Tim Lineberry, MD, medical director at the Mayo Clinic Psychiatric Hospital in Rochester, Minn., says each HBIPS measure is composed of sub-elements. For example, the assessment measure includes admission screening for violence risk, substance abuse, trauma history, and patient strengths, such as motivation and family involvement. These elements create a more complete picture of the patient and might improve the initial assessment. By improving initial assessment, experts in the field hope hospital staff will be able to better identify problems, Dr. Lineberry says.

“We are all working for improvement in care,” says Dr. Lineberry, noting the Mayo Clinic was one of the pilot sites. “HBIPS is part of that effort.”

Time Is of the Essence

Many of the standards represent areas in which there is consensus among psychiatrists about the need for change, says Anand Pandya, MD, a psychiatric hospitalist and director of inpatient psychiatry at Cedars-Sinai Medical Center in Los Angeles. Many psychiatrists recognize there is a need to improve communication between inpatient psychiatric services and follow-up outpatient providers, Dr. Pandya says. However, a clear consensus has not been reached regarding the standards of tracking patients who take multiple antipsychotic medications, Dr. Pandya says.

“With the low average length of stay in inpatient psychiatric units, it is common for patients to continue a cross-taper between medications after discharge,” Dr. Pandya says. “For most antipsychotic medications, there is insufficient data to determine how fast or slow to cross-taper. I worry that these standards may send the unintentional message that these cross-tapers should be completed quickly during the course of a brief inpatient stay.”

Data suggest individuals using lithium should be tapered off the drug as slowly as possible—probably over months rather than weeks, Dr.

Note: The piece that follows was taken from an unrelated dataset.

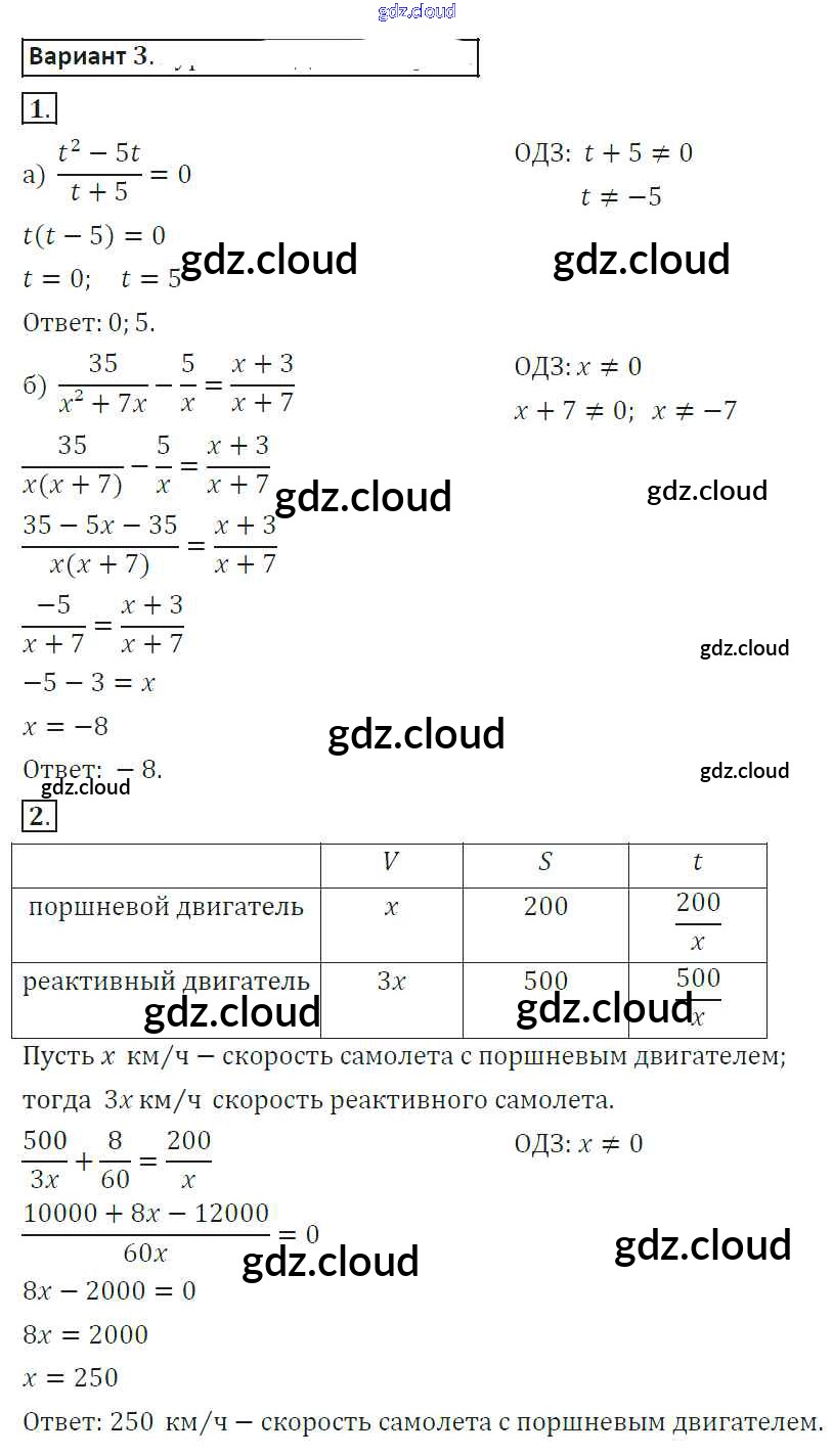 Ответ на задание 3 Самостоятельные работы Алгебра за 8 (восьмой) класс Александрова 2016
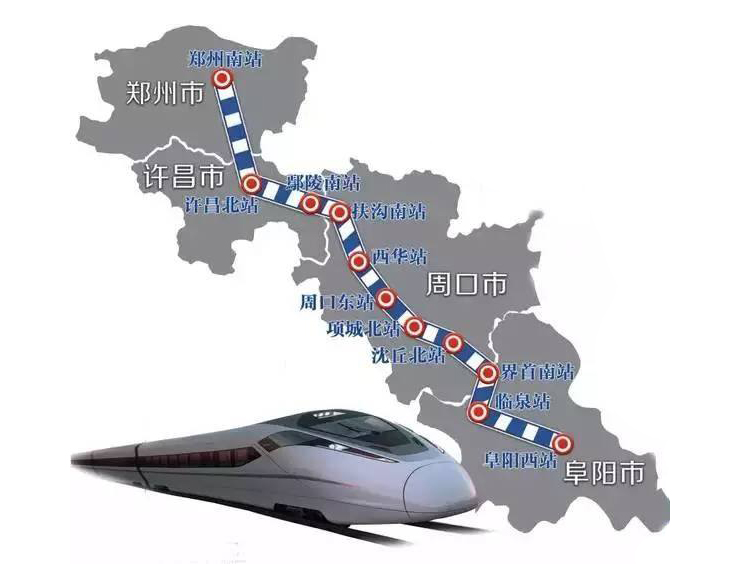 鄭阜鐵路北起鄭州南站,經(jīng)河南鄭州、開封、許昌、周口,進入安徽省阜陽,接入商合杭鐵路阜陽西站,線路全長267公里,工程總投資約427.2億元,其中安徽段長65公里,投資140億元,設(shè)計行車時速350公里。全線設(shè)鄭州南、許昌北、鄢陵南、扶溝南、西華、周口東、淮陽、沈丘北、界首南、臨泉、阜陽西等11座車站。鄭阜高鐵計劃今年8月開始聯(lián)調(diào)聯(lián)試,年內(nèi)建成通車,并與商合杭鐵路銜接,延伸到杭州。屆時鄭州到阜陽僅需1個多小時,鄭州到合肥僅需兩個多小時,到杭州也僅需3個多小時。

Pandya says. “I am concerned that tracking data regarding patients on multiple antipsychotic medications may create incentives to change practice in a sub-optimal direction for some cases,” he says.

Dr. Duckworth also acknowledges patients’ length of stay is getting shorter. Psychiatric hospitalists are under a great deal of pressure to “get people patched up in too short a period of time,” he says. “They really do need more time. There is a temptation to use more than one antipsychotic medication, but people really should not be given two antipsychotic medications unless someone has performed a thoughtful assessment.”

On Board with HBIPS

While HBIPS covers areas of care important to many, the details of implementing the measure set might be challenging, Dr. Lineberry says. The requirements increase the documentation burden for physicians, nurses, and allied health professionals, such as social workers and therapists. Hospitals using electronic medical records might have to modify their records to meet the requirements. And with the new measure comes new, significant personnel costs to audit and collect the data, he says.

“For psychiatric hospitalists who are using HBIPS, it will be helpful to look at the measures from a multidisciplinary standpoint,” Dr. Lineberry says. “Approach HBIPS as a team. Look at the process and see how it works, then adapt it to fit in with your current workflow.”

As of July, more than 274 psychiatric hospitals and psychiatric units had implemented the HBIPS measures. “We don’t usually have numbers until at least six months after,” Milton says, noting the commission is eager to receive quantitative data and report back to the participating hospitals.

Milton anticipates the Joint Commission will submit the HBIPS measure set to the National Quality Forum (NQF) for consideration and endorsement. Although she anticipates the measures will receive NQF endorsement sometime this year, an exact timeline has not been established, she says. The Joint Commission will work closely with the NQF to ensure the HBIPS measure set receives endorsement, and will make necessary modifications that may be required, Milton says.

Once HBIPS receives NQF endorsement, HBIPS data will be publicly reported following the first two quarters of data collection, Milton says. Data on each hospital will be available at www.qualitycheck.org. TH

Gina Gotsill is a freelance medical writer in California. Freelance writer Chris Haliskoe contributed to this report.